Invisible

Apparently Google has decided my gallery site, alexanderwild.com, isn’t worth listing. Yesterday I was the #1 hit for “insect photography”. Today, nothing. It’s like the site never existed.

Needless to say, invisibility is not good. I am looking into it.

[update 2/12] I’m back to being visible again! Possibly, the problem was the way I’d set my custom domain to point to Smugmug’s servers, which may have lead Google’s algorithms to conclude I was spammy. I fixed it, and within hours I was back in the ranks.

In other words, my site was… um… buggy.

11 thoughts on “Invisible”

  1. Are you sure that you weren’t signed in to google at the time? Sometimes it boosts the stuff that you use when you are signed in. When you are on another machine, the stuff you are used to vanishes.

  2. It might be a smugmug problem. After I read your post I checked my site margygreen.com too (also hosted by smugmug). It is also now invisible to google. Even searching my name directly yields nothing from my smugmug site. Normally the first several link pages would be exclusively mine when searching my name and variants of my name. Please let me know what you find out as I apparently have the same problem.

  3. This page comes up seventh. I tried to boost your gallery’s signal by posting it on facebook–I’ll do it on twitter and my blog, too. Beautiful photographs, people should see them.

    1. Thanks Jef. I fear the problem is structural, though. Something with Smugmug’s code or my customization of it is causing Google to flag the site as spam, or dangerous, or something.

  4. Rankings change all the time, mostly because the particular search engine changes their algorithms. We’re usually #1 for “Plants of Hawaii”, but not always.

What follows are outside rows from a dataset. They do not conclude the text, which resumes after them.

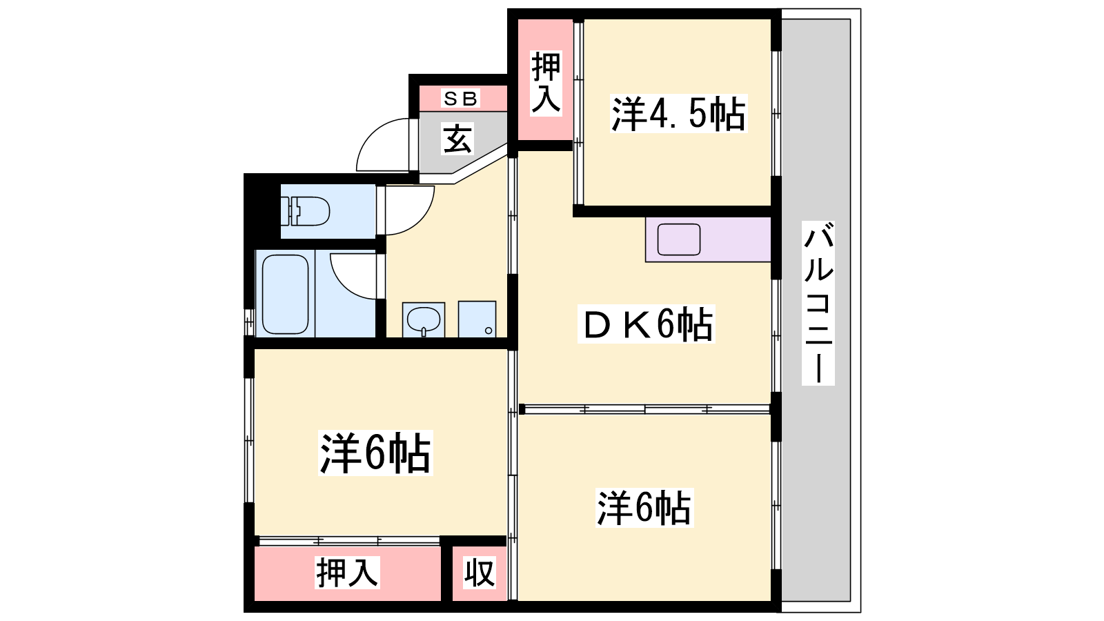 - DK6帖、洋室6帖、洋室6帖、洋室4.5帖
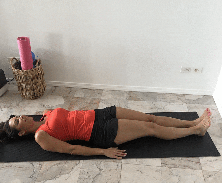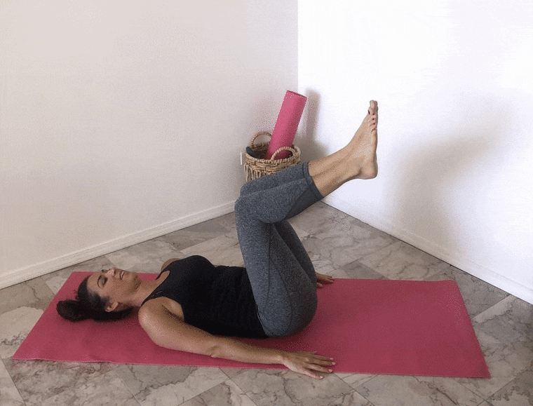 A pelvic tilt is always a great way to begin a set of ab exercises in order to wake up the core and practice engaging the proper muscles. Lie on your back, bend your knees and place your feet flat on the floor. Make sure your feet are hip-width apart and your arms are reaching down towards your feet. Then take a deep breath, and feel your lower back arch slightly off of the ground. Then exhale as you tilt your pelvis forward and press your low back into the ground. Pull in the naval toward your spine as if you’re zipping into a tight pair of pants. Release and repeat 10 times.
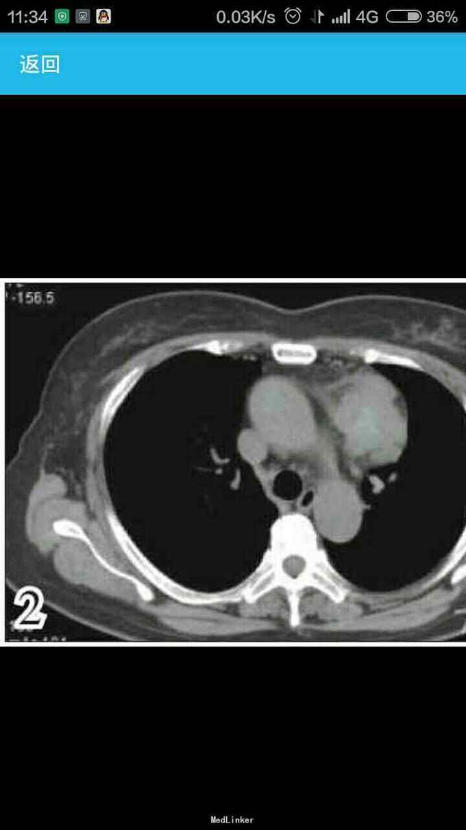 女性,60岁,因左 趾关节红肿、剧痛,红肿弥漫足背 23天来诊,不伴发热,无外伤史, 全身体检无明显异常。 胸片示,左侧前上纵隔占位性病变(图1)。胸部CT示,左侧前上纵隔内见5.7 cm×3.8 cm软组织肿块影,内见斑片状稍高密度影,境界不清(图2——5)。 实验室检查显示,血尿酸517.1 μmol/L(正常值180——357 μmol/L),临床诊断为“急性痛风”,为排除相关疾病作进一步检查。 印象:左侧前上纵隔占位(恶性肿瘤?畸胎瘤?)。 手术结果:肿瘤位于左前纵隔,大小约为8 cm×8 cm ×6 cm,质硬,表面光滑,与心包、无名静脉、肺门粘连(侵犯壁层、脏层、胸膜、肺门、心包、膈肌、膈神经,伴肿大淋巴结)。【病理结果示】(图6):肿块9 cm×6 cm×4 cm,侵犯周围脂肪组织,伴神经内分泌分化。肿块标记:CD5(+)、CD117(+)、嗜铬粒蛋白A(CgA)灶(+)、突触素(Syn,+)、CD56 (-)、细胞增殖因子Ki-67约20%(+)。【诊断】胸腺鳞状细胞癌Ⅱ——Ⅲ级,伴神经内分泌分化。
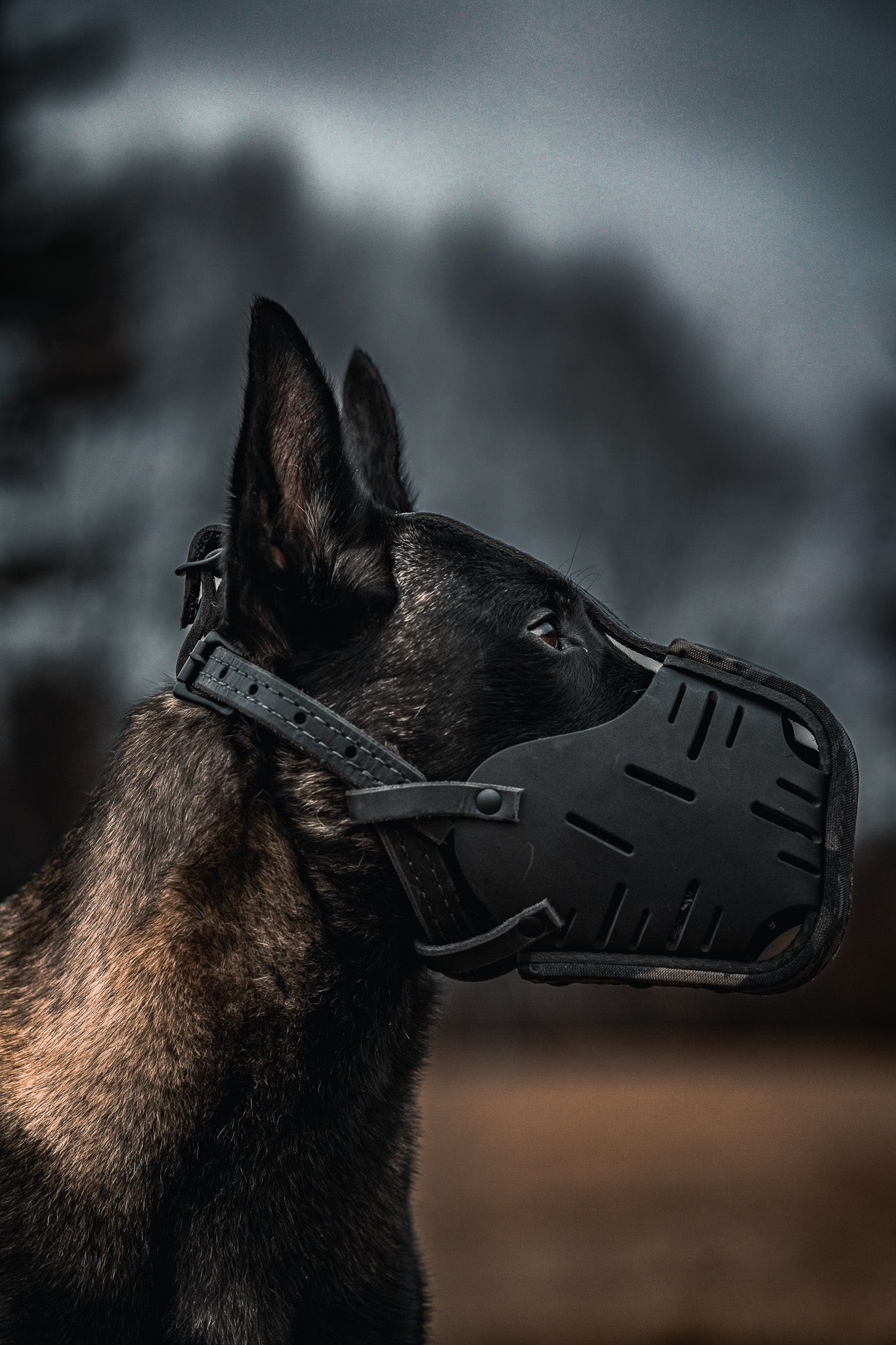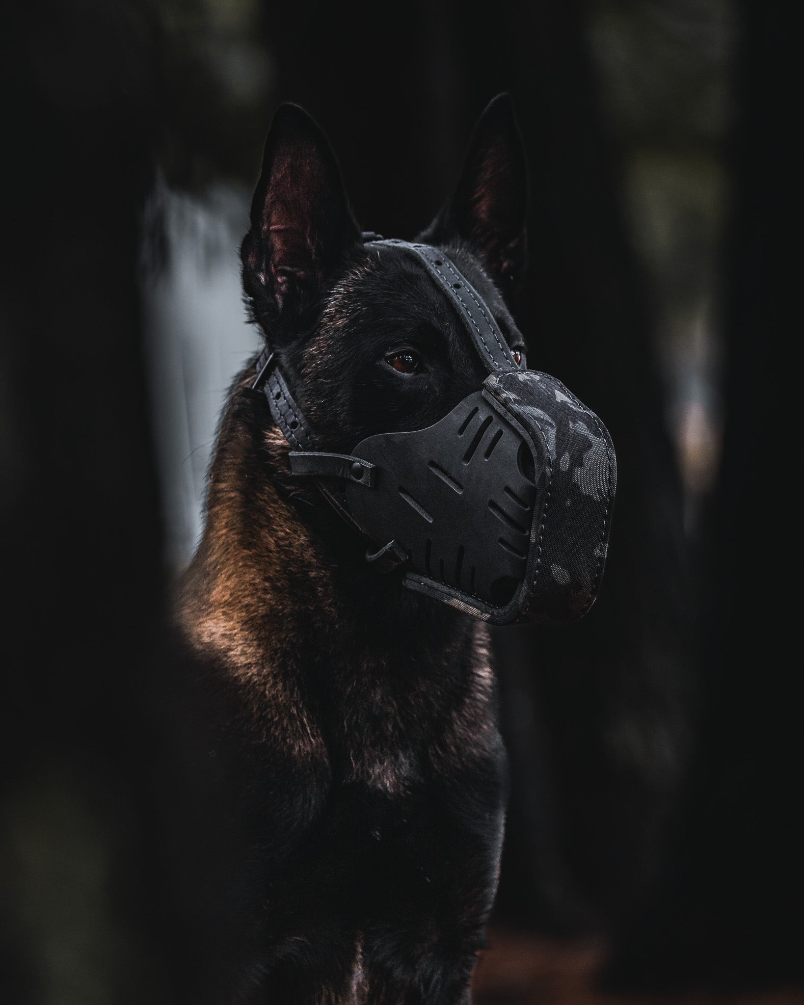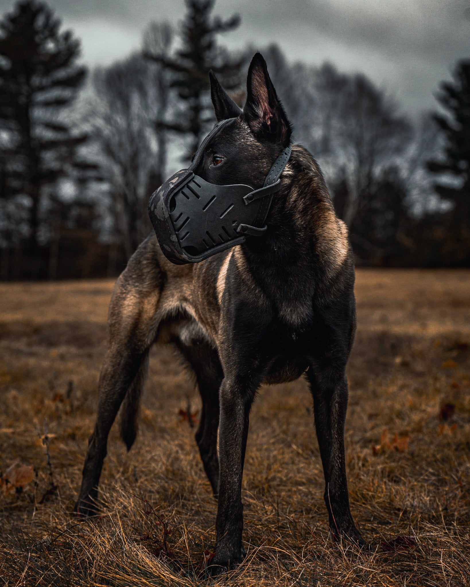 This muzzle is wrapped in Multicam Black Cordura. The inside of the muzzle cage measures 3" on top and 4.5" on the bottom. Straps are both nylon reenforced and adjustable. Pure brass hardware treated with a high resistance to scratching black finish. The muzzle fits most Mals, Dutchies, Labs and shorter snout Shepherds.

    There are still 107,000 URL’s indexed at Google for your website. Enter the following in Google, or any search engine, to see indexed URLs.
    site:www.alexanderwild.com

    If you care to know more about the status of your website through Google’s eyes, set your site up on Google Webmasters. They will send you messages if things are critically wrong or need attention.
    http://www.google.com/webmasters/

    Try not to worry about ranking too much. Provide good content, and good things will follow.

    1. While I appreciate the suggestions, this seems to be a far more drastic change than mere tweaking of the algorithm. That I’ve gone from near the top to basically nothing- my images don’t even come up in an image search- suggests that they’ve not just dropped my rank but actively flagged my site.

      Alexanderwild.com is linked by some very high profile places. University websites, National Geographic, Scientific American, etc. I should be registering somewhere above, rather than below, Nigerian link farms.

      1. Again:

        “If you care to know more about the status of your website through Google’s eyes, set your site up on Google Webmasters. They will send you messages if things are critically wrong or need attention.”
        http://www.google.com/webmasters/

        If you haven’t yet done this, you’re missing out on quite a bit, including potentially critical error messages from Google.

        ps. At our peak, when our images were at hear.org, we got 300,000 page views a month from 80,000 unique visitors. We currently use robots.txt to actively shun search engines from much of our lower level content, since we were overloading the servers they now reside on.

        1. I signed up for an account earlier today. Seems I should have done that years ago!

          I may have done something screwy with the robots.txt file. I’m looking into it.